== Given data ==

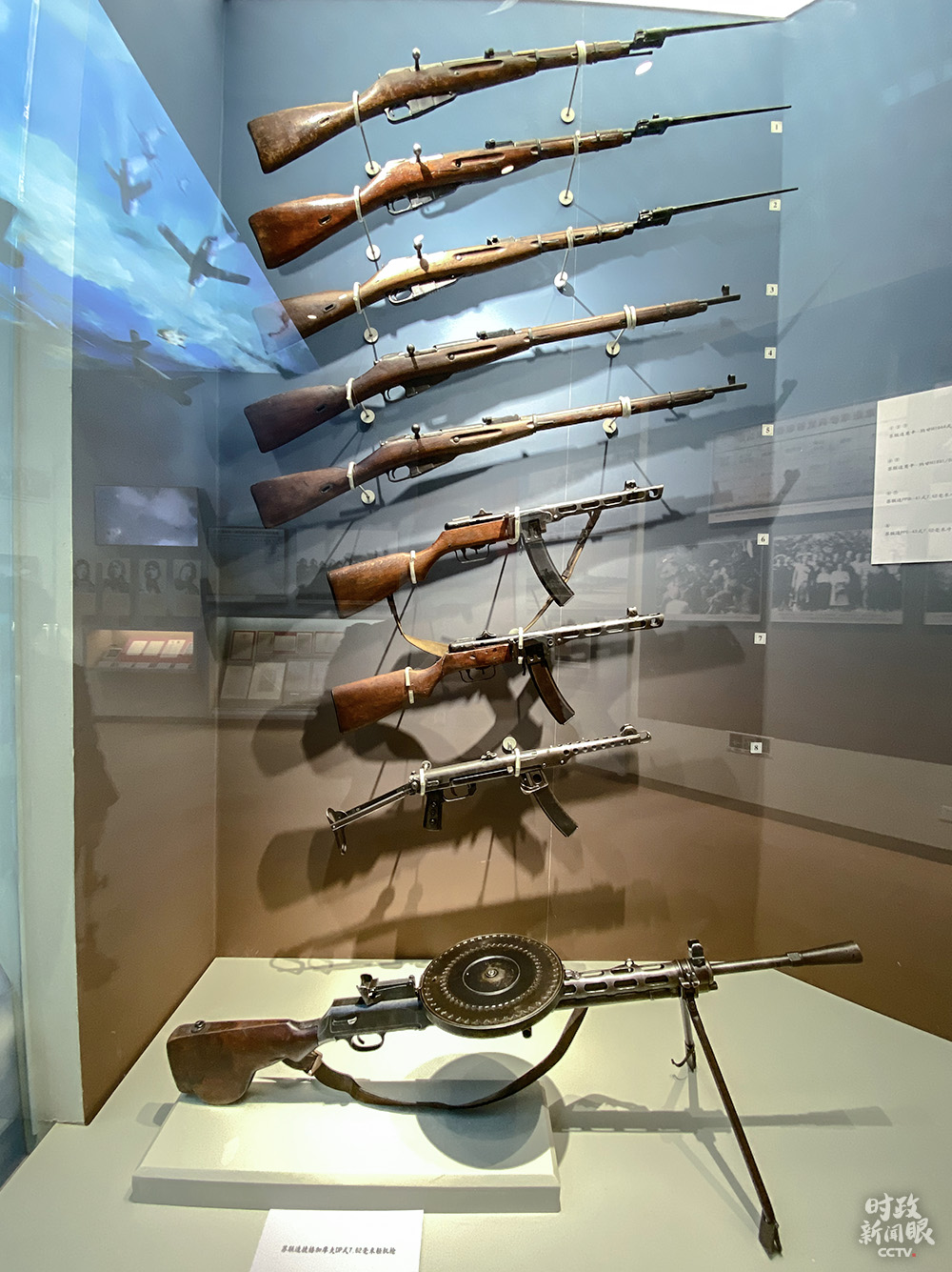 △圖中最下面是捷格加廖夫輕機(jī)槍,彈盤(pán)裝彈數(shù)量多?姑涝瘧(zhàn)場(chǎng)上,志愿軍曾使用過(guò)這種火力兇猛的蘇式機(jī)槍。(總臺(tái)央視記者李輝拍攝)
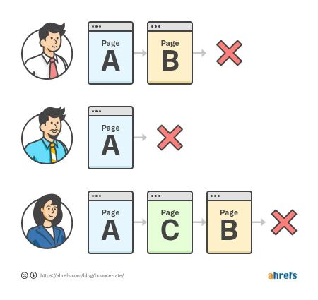 - Exit rate Often confused with bounce rate, the exit rate shows the number of sessions that ended on a particular page. Again, this metric is vulnerable to data skewing; consider the diagram below.
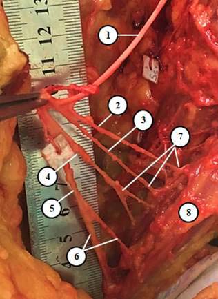 Рис. 1. Формирование вне- и внутримышечных ветвей грудоспинного нерва (вариант деления на четыре ветви): 1 — грудоспинной нерв; 2 — внемышечная (медиальная) ветвь грудоспинного нерва; 3 — внемышечная (центральная) ветвь; 4 — внемышечная (латеральная промежуточная) ветвь; 5 — внемышечная (латеральная) ветвь; 6 — (препарированные) внутримышечные ветви к наружному отделу широчайшей мышцы спины (ШМС); 7 — (препарированные) внутримышечные ветви к внутреннему отделу ШМС; 8 — ШМС

===

**Task**
Write out exactly the lines of the material above, starting with the first and finishing with the line that contains "- Exit rate", without pictures.

**Final answer**
 △圖中最下面是捷格加廖夫輕機(jī)槍,彈盤(pán)裝彈數(shù)量多?姑涝瘧(zhàn)場(chǎng)上,志愿軍曾使用過(guò)這種火力兇猛的蘇式機(jī)槍。(總臺(tái)央視記者李輝拍攝)
 - Exit rate Often confused with bounce rate, the exit rate shows the number of sessions that ended on a particular page. Again, this metric is vulnerable to data skewing; consider the diagram below.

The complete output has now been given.